Drivers haven’t seen big changes in their auto insurance policies due to climate change, at least compared to other consumer insurance categories. But change is in the air for auto insurance consumers. “I can definitely see auto insurance impacted, especially in high-risk areas,” Nix said.
That’s one reason why auto policies now come with features like Pay-As-You Drive, or usage-based insurance. With PAYD, insurers are offering drivers lower premiums for driving fewer miles, which can help reduce air pollution. That’s a big deal, as auto emissions cause approximately 25% of all U.S.-based greenhouse gases.
Climate Concerns in Some Insurance Policies Are Here to Stay
No doubt, climate change is fueling big changes in consumer insurance markets, and that change will expand significantly over the next decade as climate events grow more severe.
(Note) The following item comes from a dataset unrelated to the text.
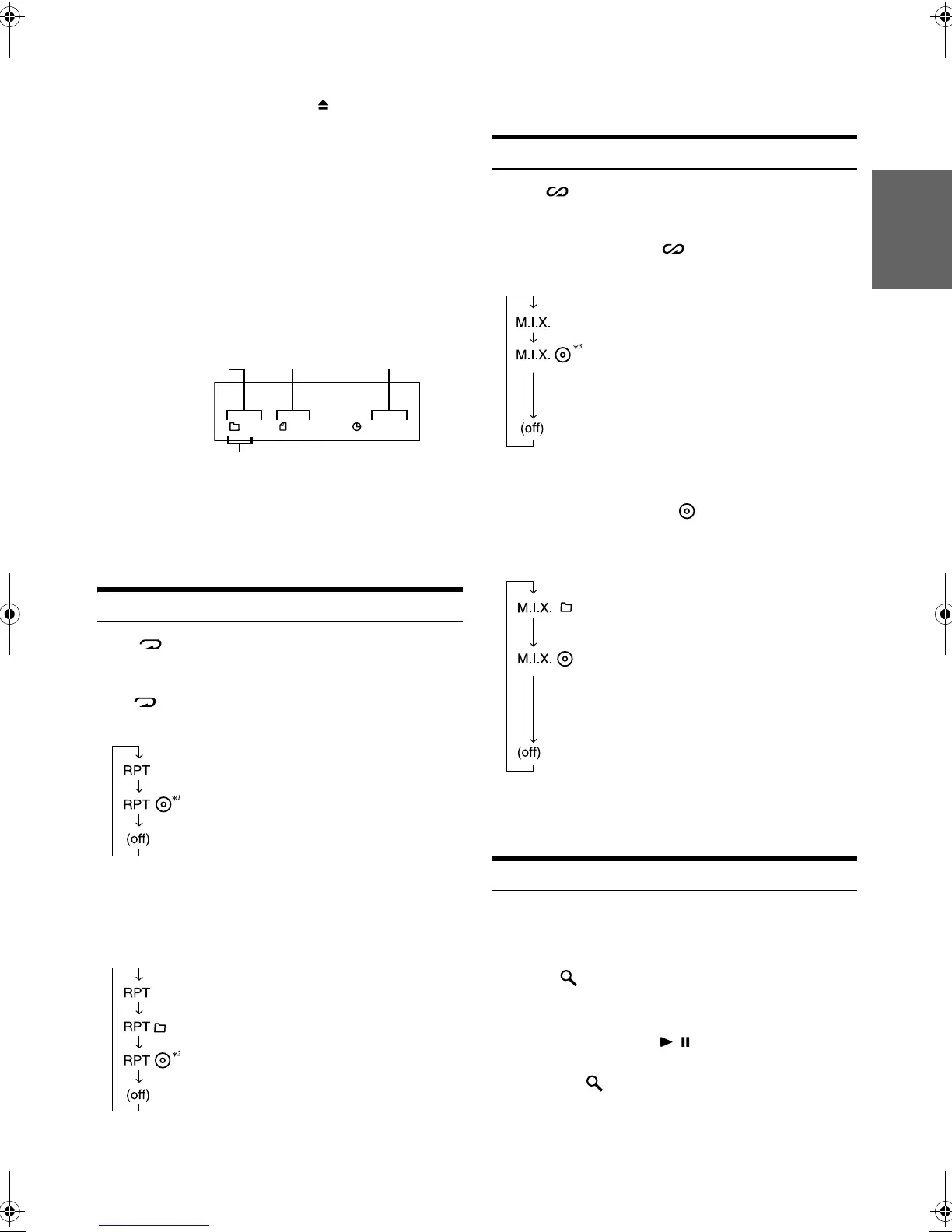 • If RPT is set to ON during M.I.X. play in CD changer mode, M.I.X.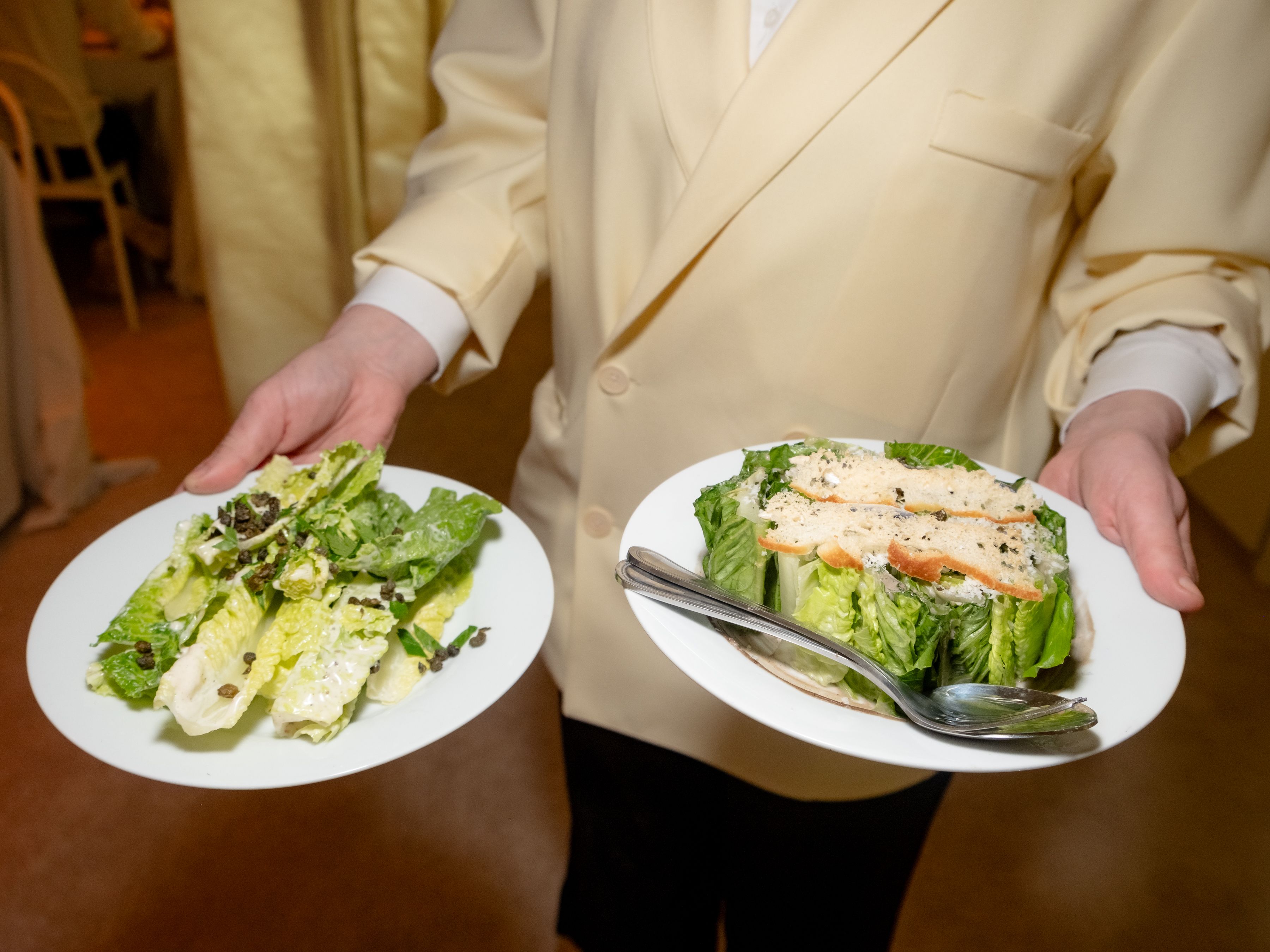 I had such a great time, actually, that I went back for lunch. (The kitchen, inherited from a previous tenant, will continue to serve limited prix fixe meals and teatime à la carte until the show closes in mid-December.) On a Friday afternoon, unannounced and on my own meager dime, I could focus on the pop-up’s namesake dish: the Black Caesar, a salad of romaine painted with black-garlic dressing and garnished with white anchovies and croutons (“shaved bread”). The sticky, fermented allium put subtle funk on a classic. The romaine, cut crosswise, had space to stretch its legs.

“To properly protect yourself your family and your assets from extreme weather events, talk to an insurance expert and discuss how climate change can impact you,” said Nate Tsang, founder of Wall Street Zen, a digital-based financial services firm. “Your insurance agent may advise you to get other policies outside of your normal insurance experience, as general insurance doesn’t usually cover extreme weather conditions.”
As a side note, shopping for insurance quotes frequently can also help you find the best deals, and keep your monthly premiums under control.